Decision Theory and Infinite Values
I have been working, in collaboration with Daniel Rubio, on the foundations of decision theory and analyzing the paradoxes related to infinities such as Pascal’s Wager and the Pasadena Game (Nover and Hájek, 2004). In our paper “Surreal Decisions” (PPR, 2018), we propose a decision theory framed entirely in John Conway's (1974) surreal numbers. By using surreal numbers as the values of the utility function and the probability function, we show that many paradoxes of infinite values disappear in finite state spaces. In particular, dominance principles are no longer in conflict with expected utility theory. We are working on a second paper that extends surreal decision theory to the more advanced setting of infinite state spaces, such as the Pasadena Game.

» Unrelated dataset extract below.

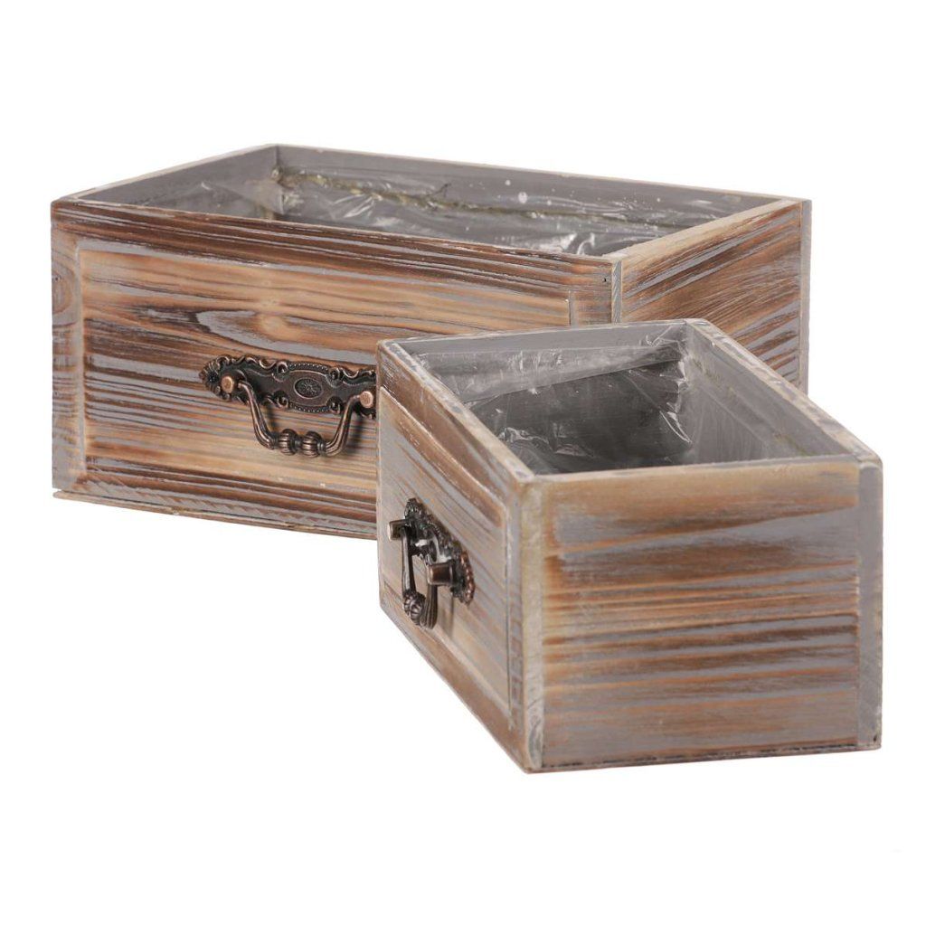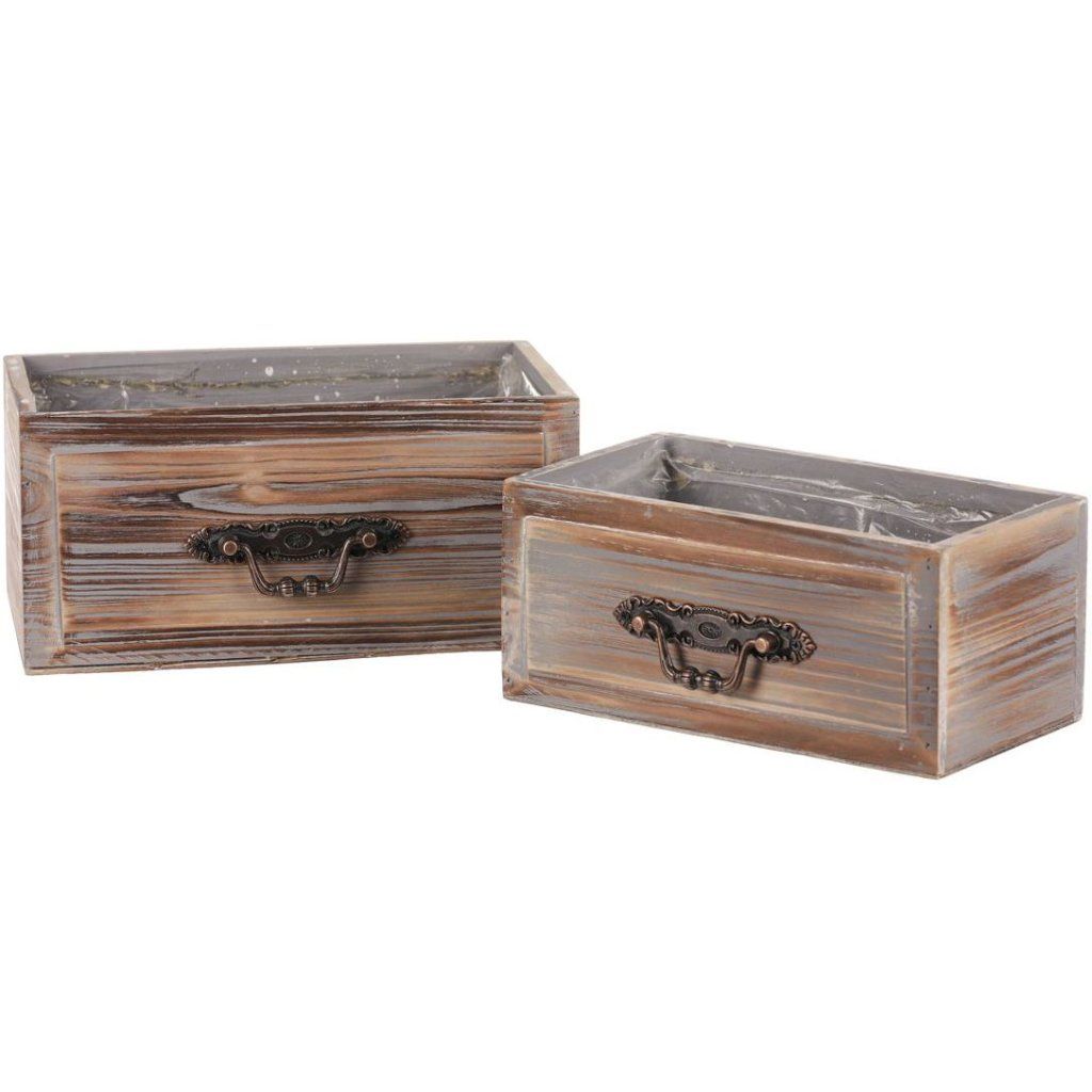 Obal na květiny v podobě dřevěného šuplíku je jedinečným dekoračním doplňkem, který dodá vašim květinám fantastický vzhled. V nabídce je sada dvou různých velikostí. Vypadá jako starožitný kus nábytku se zdobeným kovovým madlem, čímž vnesete do prostoru nádech historie a tradice. Barva přírodního dřeva se zbytky šedého nátěru působí až nostalgickým dojmem.

As a decision theory that systematically handles infinities and infinitesimals, our surreal theory has applications in value theory, population ethics, and philosophy of religion.
Metaphysics of Mental Qualities
I have another research project about metaphysics of quantities and philosophy of mind. Mental qualities (such as being painful and being conscious) are usually taken to be absolute and monadic. In my paper "Comparativism about the Mind: From Metaphysics of Quantities to the Nature of Mentality," I propose a new hypothesis about the nature of mental qualities: they are fundamentally comparative; for example, being more painful than is more fundamental than being painful. I call this the Comparative Mentality Hypothesis (CMH). CMH is motivated by comparativism about the physical as well as some theories about the mind-body problem. I use color qualities as the main example for CMH, and I provide an axiomatic foundation of color hues in terms of two comparative relations: cyclic-betweenness and cyclic-congruence. They turn out to have the same comparative structure as wave-function phases (Chen 2017a). I draw some consequences from CMH for reductionist physicalism and what David Chalmers (forthcoming) calls micro-idealism. In future work, I will apply CMH to other mental qualities and contrast it with comparativism about subjective probabilities.
Chinese Philosophy
I have two research projects in Chinese philosophy. The first one is at the intersection of classical Chinese philosophy and meta-ethics. In my paper “A Hybrid Voluntarist Interpretation of Xunzi,” I display tensions in the notions of xin (heart/mind), li (rituals), and dao (order) in the work of Xunzi, a prominent early Confucian philosopher, and I draw on Ruth Chang’s (2013a, 2013b) meta-ethical theory of hybrid voluntarism to help resolve these tensions. The second project is about issues related to the “Needham Question” about the history of science in China. I explore the connections between concepts of laws of nature with the concept of Dao in Chinese philosophy.